California Court of Appeals, Fifth District
Jun 18, 2009
No. F055996 (Cal. Ct. App. Jun. 18, 2009)

Opinion

NOT TO BE PUBLISHED

APPEAL from a judgment of the Superior Court of Kings County No. 07CM7675 Peter M. Schultz, Judge.

Marcia R. Clark, under appointment by the Court of Appeal, for Defendant and Appellant.

Edmund G. Brown, Jr., Attorney General, Michael P. Farrell, Assistant Attorney General, Carlos A. Martinez and Wanda Hill Rouzan, Deputy Attorneys General, for Plaintiff and Respondent.


OPINION

THE COURT

Before Wiseman, Acting P.J., Hill, J. and Kane, J.

Defendant Juvenile Acevedo Lemos pled guilty to one count of continuous sexual abuse of a child (Pen.
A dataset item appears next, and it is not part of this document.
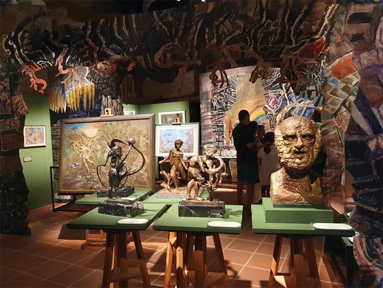 Από τα πιο εντυπωσιακά γλυπτά της έκθεσης είναι το κεφάλι της Μέδουσας που φιλοτέχνησε ο Γκίκας το 1948. Για τη δημιουργία του χρησιμοποίησε τσιμέντο και πολλά ετερόκλητα υλικά που συνέλεξε από την Πάρο όπου διέμενε εκείνο το διάστημα. Τα γλυπτά του Οδυσσέα και της Ναυσικάς από το Ομηρικό Έπος που τον ενέπνευσε δεσπόζουν στην είσοδο της έκθεσης, όπως επίσης και τα σχέδια από την ζωή και τους άθλους του μεγάλου μυθικού ήρωα του Ηρακλή.

Code, § 288.5, subd. (a); count 1) and one count of rape (§ 261, subd. (a)(2); count 2). At a postplea hearing, defendant made ambiguous statements that he contends amount to a Marsden motion. Defendant contends that the trial court erred by failing to recognize his Marsden motion and subsequently failing to hold a hearing. We will affirm.

All references are to the Penal Code unless otherwise stated.

People v. Marsden (1970) 2 Cal.3d 118.

PROCEDURAL AND FACTUAL SUMMARY

On July 1, 2008, the Kings County District Attorney charged defendant with 23 counts related to child molestation and rape.

All date references occurred in the calendar year 2008 unless otherwise stated.

Defendant was assisted by a translator at all hearings.

At the change of plea hearing on August 8, defendant pled guilty to one count of child molestation and one count of rape. Defendant accepted a stipulated sentence on both charges, totaling 18 years, and pled guilty. At that time, the trial court accepted defendant’s waiver of various rights.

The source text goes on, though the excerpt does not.